March 11 marks the ninth anniversary of the Great East Japan Earthquake, which resulted in a tsunami that devastated Japan's northeastern Tohoku region. More than 22,000 people died or are presumed to have died in the disaster, which also destroyed tens of thousands of buildings, and catalyzed a triple nuclear meltdown, three hydrogen explosions and the release of radioactive contamination at the Fukushima No. 1 nuclear power plant.

Huge numbers of people were forced to flee their homes with many facing the prospect they'd never be able to return. The dire situation could have been much worse, however, had it not been for the heroic actions of a group of power plant employees who continued to work on attempting to stabilize the reactors after everyone else had been evacuated. Overseas media dubbed them the "Fukushima 50," even though the number of workers eventually ran into the hundreds.
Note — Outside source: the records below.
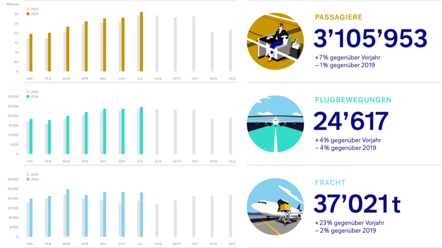 Die Anzahl Flugbewegungen stieg im Vergleich zum Vorjahresmonat um 4% auf 24 617 Starts oder Landungen. Der Monatsvergleich zeigt, dass die Flugbewegungen 96% des Niveaus von 2019 betragen. Die durchschnittliche Zahl Passagiere pro Flug lag mit 144 1% über dem Vorjahreswert. Die Sitzplatzauslastung ist im Berichtsmonat im Vergleich zum Vorjahresmonat um 1 Prozentpunkt auf 85% gestiegen.
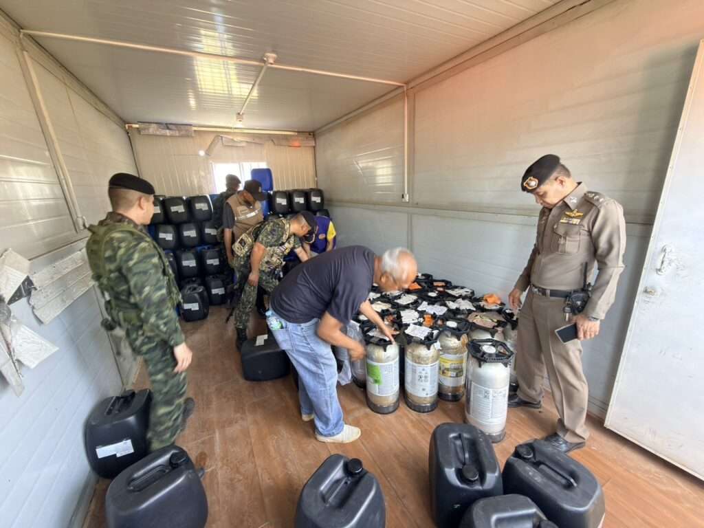 เมื่อวันที่ 12 มี.ค. 2569 พล.ต.ณัฏฐพงศ์ อัศวินวงศ์ ผู้บัญชาการ กองพลทหารราบที่ 9 ในฐานะผู้บัญชาการ กองกำลังสุรสีห์ เปิดเผยว่า กองกำลังสุรสีห์สนธิกำลังตำรวจ ฝ่ายปกครอง และหน่วยงานที่เกี่ยวข้อง บุกตรวจยึดเบียร์สดต่างประเทศกว่า 800 ลิตร ซุกซ่อนในตู้คอนเทนเนอร์บริเวณชายแดน จ.กาญจนบุรี หลังได้รับแจ้งข่าวกรองว่ามีการลักลอบขนสินค้าผิดกฎหมาย คาดเตรียมส่งต่อไปยังสถานบันเทิงครบวงจรที่เชื่อมโยงเครือข่ายแก๊งสแกมเมอร์ฝั่งประเทศเพื่อนบ้าน
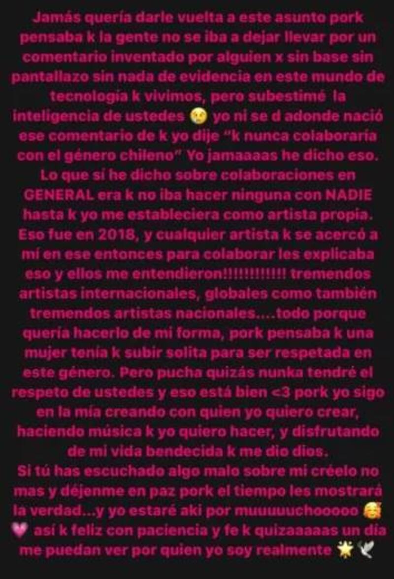 Y sobre la misma, agregó: “Ni sé de dónde nació ese comentario que (supuestamente) dije ‘nunca colaboraría con el género chileno’. Yo jamás he dicho eso. Lo que sí he dicho sobre colaboraciones en GENERAL, era que no iba a hacer ninguna con NADIE, hasta que yo me estableciera como artista propia”.
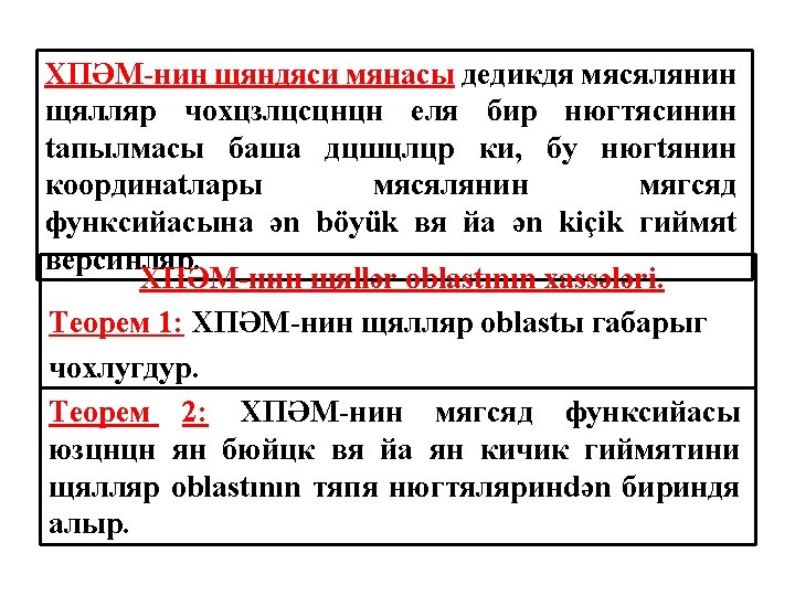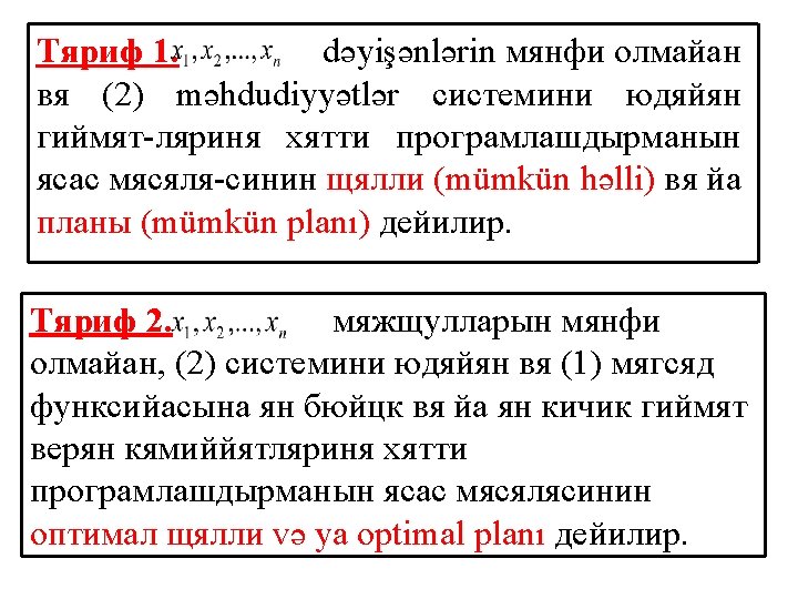 Xətti proqramlaşdırmanın əsas məsələsinin qoyuluşu. Plan: 1. Xətti cəbrin elementləri və onların xətti proqramlaşdırmada tətbiqi. 2. XPƏM-nin ifadə edilməsi. Əsas anlayışlar. 3. XPƏM-nin yazılış formaları. 4. XPƏM-nin həndəsi izahı. 5. XPƏM-nin iqtisadi izahı.
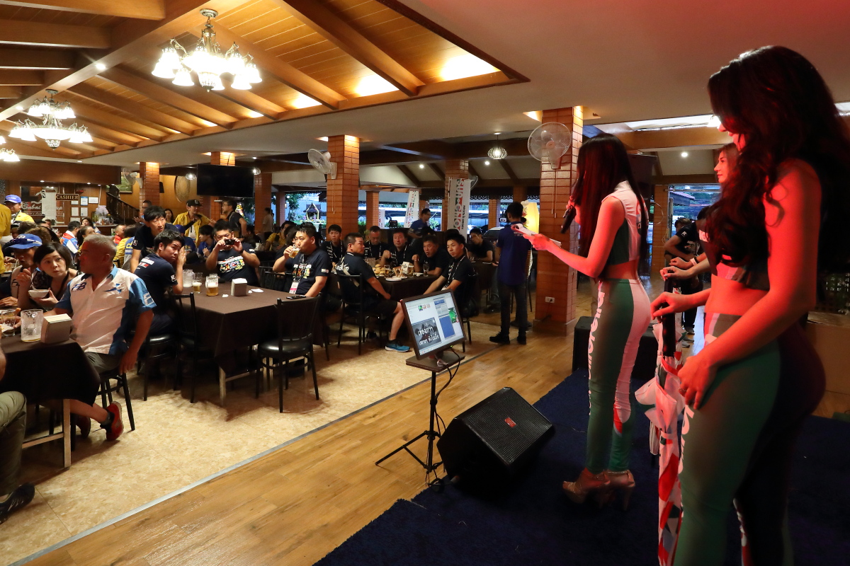 そして18時半からはオフィシャルホテル近くの Sabai Resort Pataya Hotel のプールサイドにて大会メジャースポンサーである「サン・クロレラ」によるウェルカムパーティーが行われた。
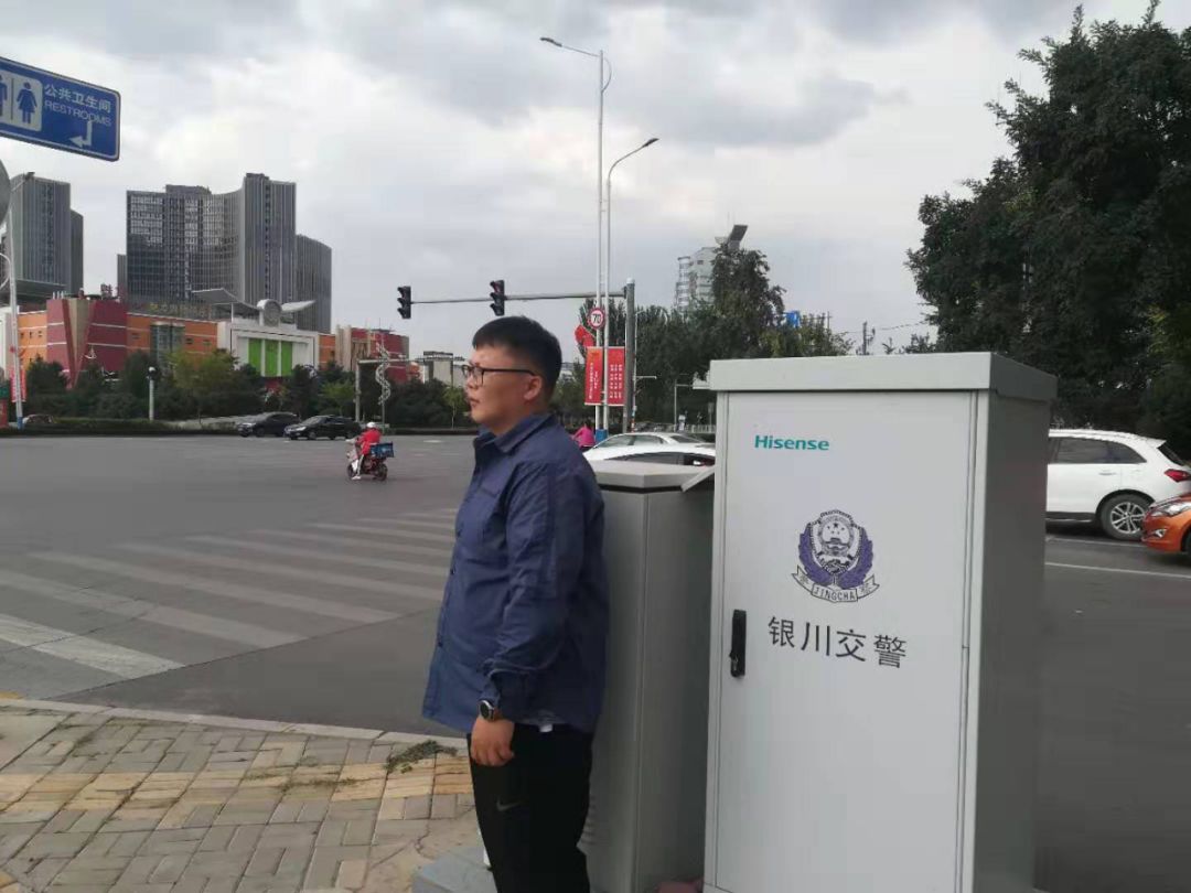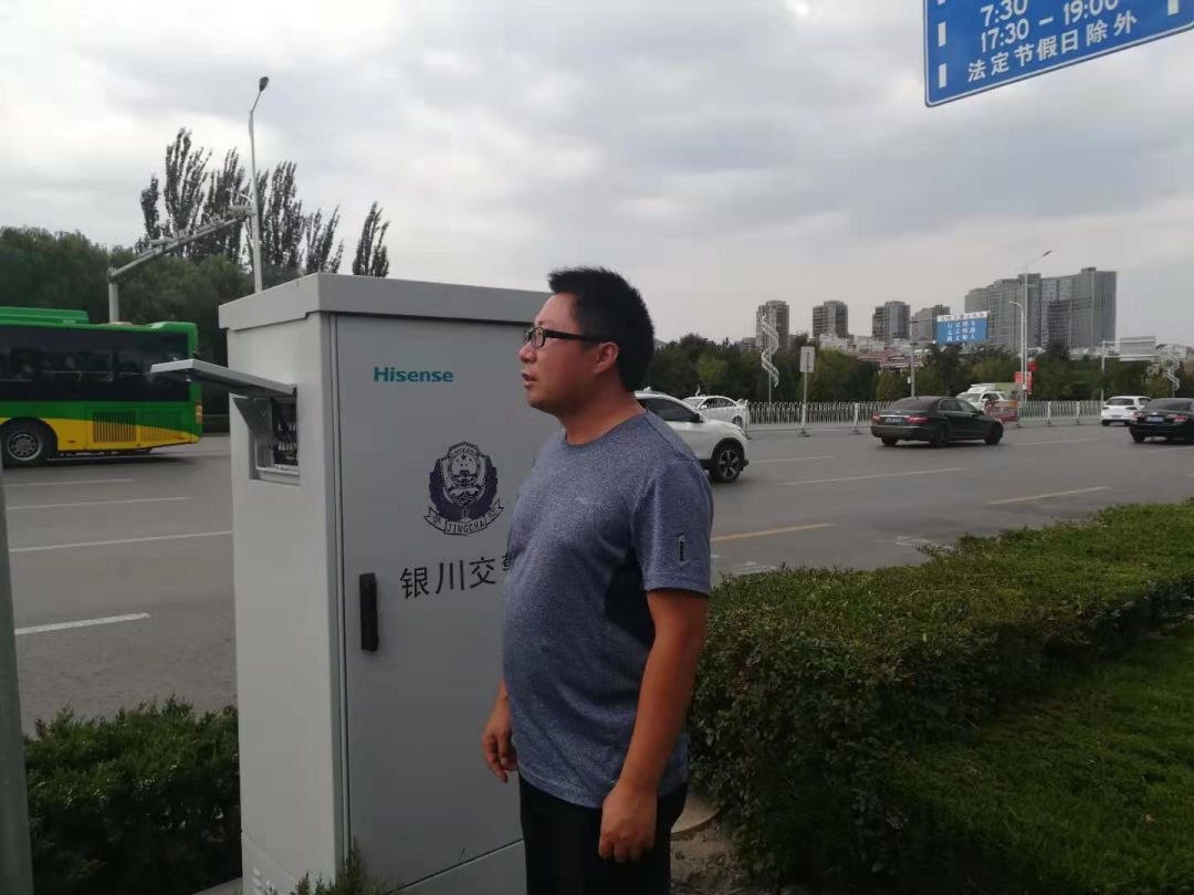 圖:海信銀川項目工程師在路邊執(zhí)勤演練
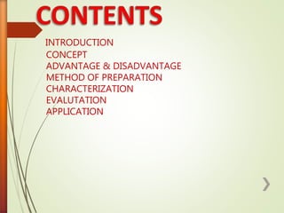 This document discusses nanoparticles for drug delivery. It begins with definitions and concepts, noting that nanoparticles range from 10-1000 nm and can be used to selectively deliver drugs to target sites while reducing effects on non-target tissues. It then covers advantages like reduced dosing and side effects. Methods of preparation include cross-linking and polymerization. Nanoparticles are characterized and evaluated before being discussed for various applications such as cancer therapy, vaccines, and crossing the blood brain barrier.
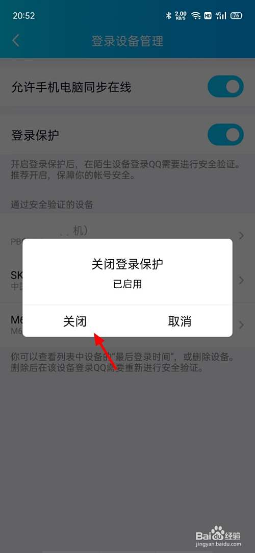 点击关闭,这样登录保护就关闭成功。
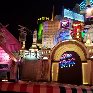 入り口からもうネオンがすごい。ショーの時間までヘナタトゥーをしてもらい象にのり充実してました!
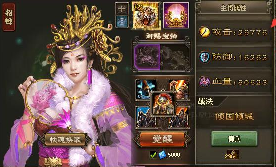 兵器配置需优先提升七杀剑至80级(攻击7600+)、贪狼甲72级(防御4500+)、破军印75级(带兵12000+),确保基础属性达标。珍宝系统以一珍宝为基础,重点强化攻击与血量部件。神兵等级建议平均75级以上,宝石选择攻击与血量双属性神石,六颗全镶嵌可显著提升容错率。貂蝉作为备选武将,驱虎套装可干扰敌方阵型,但需注意其生存能力较弱,需配合觉醒战法使用。
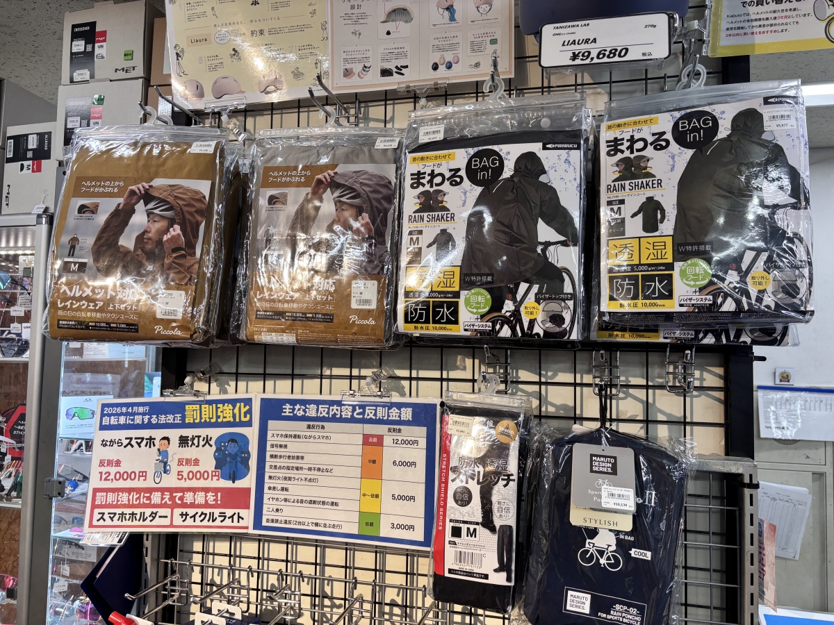雨でも自転車に乗る方や通勤通学される方なんかいかがでしょうか。サイズもカラーも在庫ありますので気になる方はワイズロード池袋本館までお越しください!
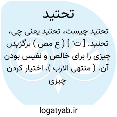 لغت نامه دهخدا تحتید. [ ت َ ] ( ع مص ) برگزیدن چیزی را برای خالص و نفیس بودن آن. ( منتهی الارب ). اختیار کردن چیزی برای خلوص و برتری آن. ( از اقرب الموارد ) ( از قطر المحیط ).
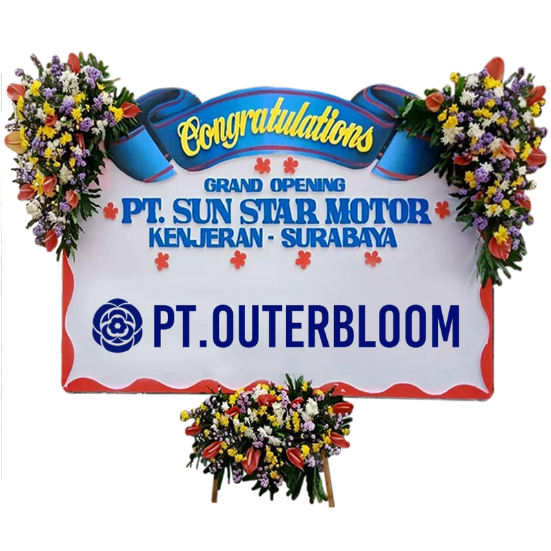 Papan Bunga ini cocok diberikan untuk berbagai kesempatan dan acara kepada kerabat atau rekan Anda. Tersedia dalam ukuran 200 cm x 125 cm. Hadir dengan varian rangkaian bunga fresh dan suyok serta dilengkapi dengan penyangga yang kokoh.
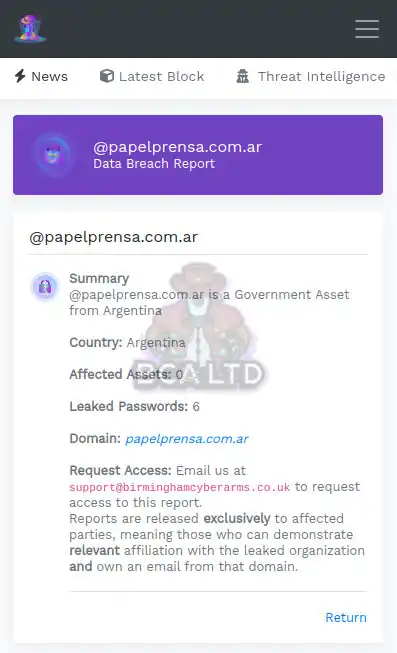 2022: Inteligencia de MeFiltraron / Tero (plataforma abierta de DC5411) detecta la aparición de una filtración donde se exponen credenciales de usuarios de los dominios “papelprensa.com.ar” y “papelprensa-sp.com.ar”.

The story of these selfless and, until now, mostly anonymous individuals is finally being given the platform it deserves in the film "Fukushima 50," directed by Setsuro Wakamatsu ("Whiteout," "The Unbroken"). Based on Ryusho Kadota's nonfiction book "On the Brink: The Inside Story of Fukushima Daiichi" and the adapted screenplay of Yoichi Maekawa ("Gunji Kanbei," "The Auditor"), it's an incredibly emotional film with a chillingly realistic feel that may seem obvious given the subject matter but still has impact.